- [Record set]:
----------------------------------------

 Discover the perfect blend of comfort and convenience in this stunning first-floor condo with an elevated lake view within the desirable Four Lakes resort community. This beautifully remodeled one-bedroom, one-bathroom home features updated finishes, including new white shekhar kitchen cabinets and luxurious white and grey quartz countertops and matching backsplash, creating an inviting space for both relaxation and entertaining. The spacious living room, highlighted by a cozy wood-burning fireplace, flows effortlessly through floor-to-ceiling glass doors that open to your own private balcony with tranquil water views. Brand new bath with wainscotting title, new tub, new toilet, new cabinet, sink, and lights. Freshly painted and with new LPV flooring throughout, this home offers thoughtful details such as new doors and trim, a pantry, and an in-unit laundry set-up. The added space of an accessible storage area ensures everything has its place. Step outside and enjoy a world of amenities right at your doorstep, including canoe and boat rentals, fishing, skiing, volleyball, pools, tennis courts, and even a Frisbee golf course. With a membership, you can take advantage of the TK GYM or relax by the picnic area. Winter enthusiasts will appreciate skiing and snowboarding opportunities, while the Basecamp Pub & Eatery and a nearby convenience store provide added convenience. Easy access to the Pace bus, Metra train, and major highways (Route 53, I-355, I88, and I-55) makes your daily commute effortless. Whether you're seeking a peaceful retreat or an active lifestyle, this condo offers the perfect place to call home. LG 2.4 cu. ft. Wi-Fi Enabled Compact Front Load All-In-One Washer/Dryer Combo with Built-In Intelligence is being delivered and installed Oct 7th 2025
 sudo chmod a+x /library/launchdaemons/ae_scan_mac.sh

----------------------------------------

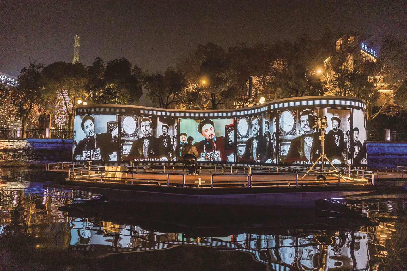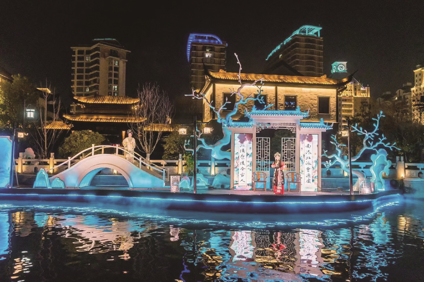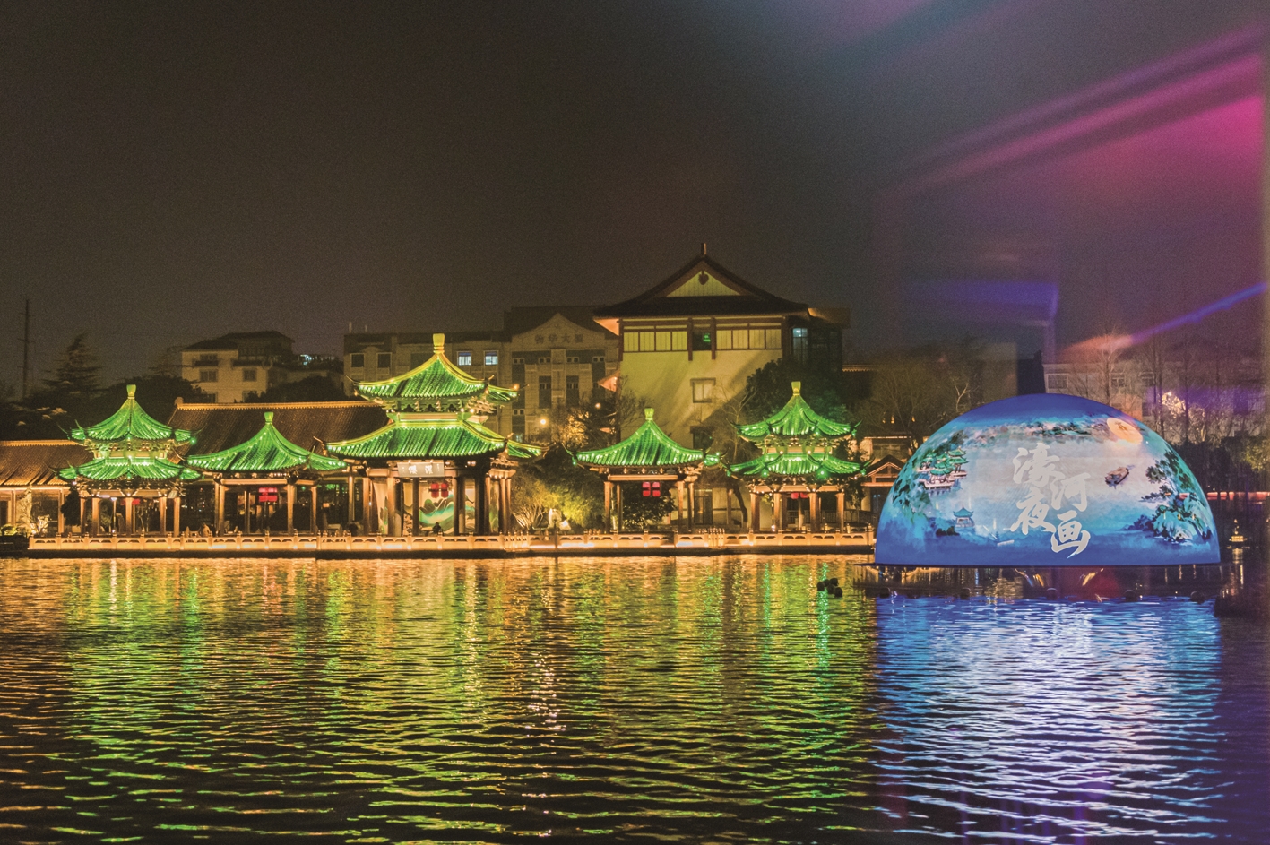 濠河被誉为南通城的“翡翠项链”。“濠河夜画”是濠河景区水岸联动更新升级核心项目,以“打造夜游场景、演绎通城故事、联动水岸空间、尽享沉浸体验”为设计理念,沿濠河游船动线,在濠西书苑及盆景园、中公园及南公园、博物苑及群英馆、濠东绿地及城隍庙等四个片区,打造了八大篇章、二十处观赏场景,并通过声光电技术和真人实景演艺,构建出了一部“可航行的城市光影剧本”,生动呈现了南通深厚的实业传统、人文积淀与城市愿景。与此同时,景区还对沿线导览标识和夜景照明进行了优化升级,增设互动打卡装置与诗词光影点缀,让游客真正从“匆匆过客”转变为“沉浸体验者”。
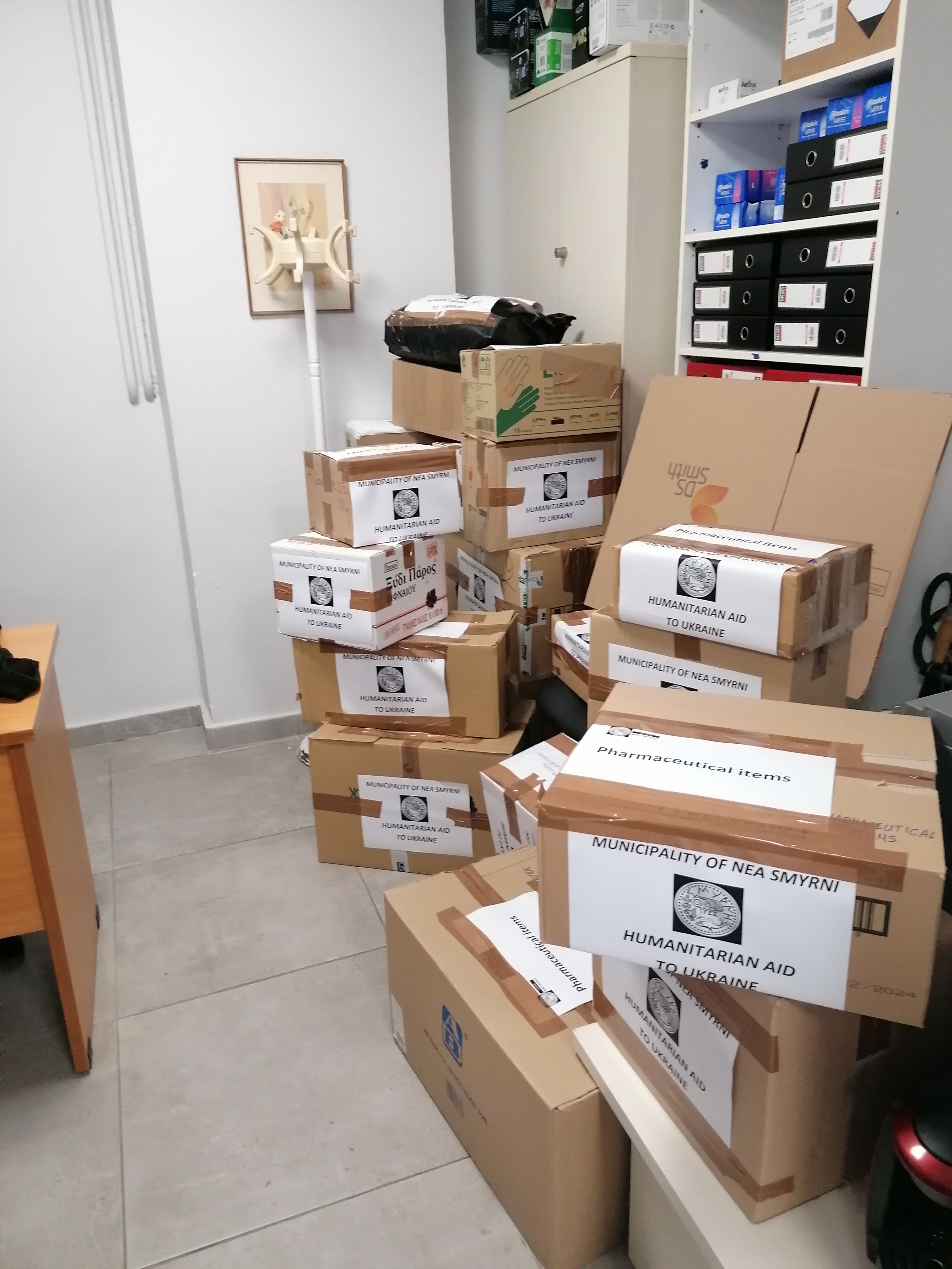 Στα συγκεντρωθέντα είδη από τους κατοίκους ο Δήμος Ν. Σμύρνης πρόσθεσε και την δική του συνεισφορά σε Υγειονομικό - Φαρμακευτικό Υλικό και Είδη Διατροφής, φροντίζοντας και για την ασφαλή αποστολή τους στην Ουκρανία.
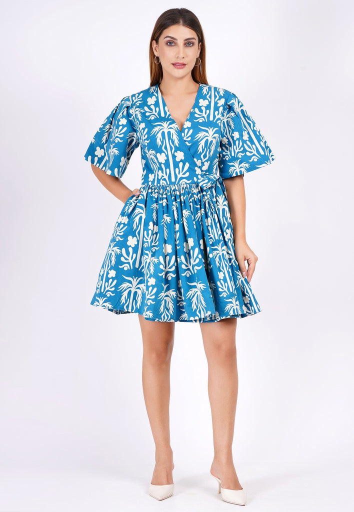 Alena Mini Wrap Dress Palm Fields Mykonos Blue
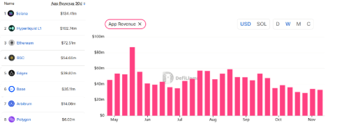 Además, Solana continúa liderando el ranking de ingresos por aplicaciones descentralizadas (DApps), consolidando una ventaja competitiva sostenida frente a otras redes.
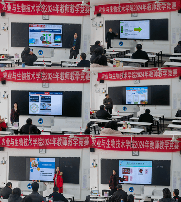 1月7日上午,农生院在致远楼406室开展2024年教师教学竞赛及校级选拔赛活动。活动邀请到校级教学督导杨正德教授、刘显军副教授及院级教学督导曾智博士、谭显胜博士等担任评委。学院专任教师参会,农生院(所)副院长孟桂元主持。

----------------------------------------

Among the entries above, take the line with "Alena Mini Wrap", the line with "1月7日上午,农生院在致远楼", and all the lines between them, and restate them word for word without pictures.

- [Problem solution]:
 Alena Mini Wrap Dress Palm Fields Mykonos Blue
 Además, Solana continúa liderando el ranking de ingresos por aplicaciones descentralizadas (DApps), consolidando una ventaja competitiva sostenida frente a otras redes.
 1月7日上午,农生院在致远楼406室开展2024年教师教学竞赛及校级选拔赛活动。活动邀请到校级教学督导杨正德教授、刘显军副教授及院级教学督导曾智博士、谭显胜博士等担任评委。学院专任教师参会,农生院(所)副院长孟桂元主持。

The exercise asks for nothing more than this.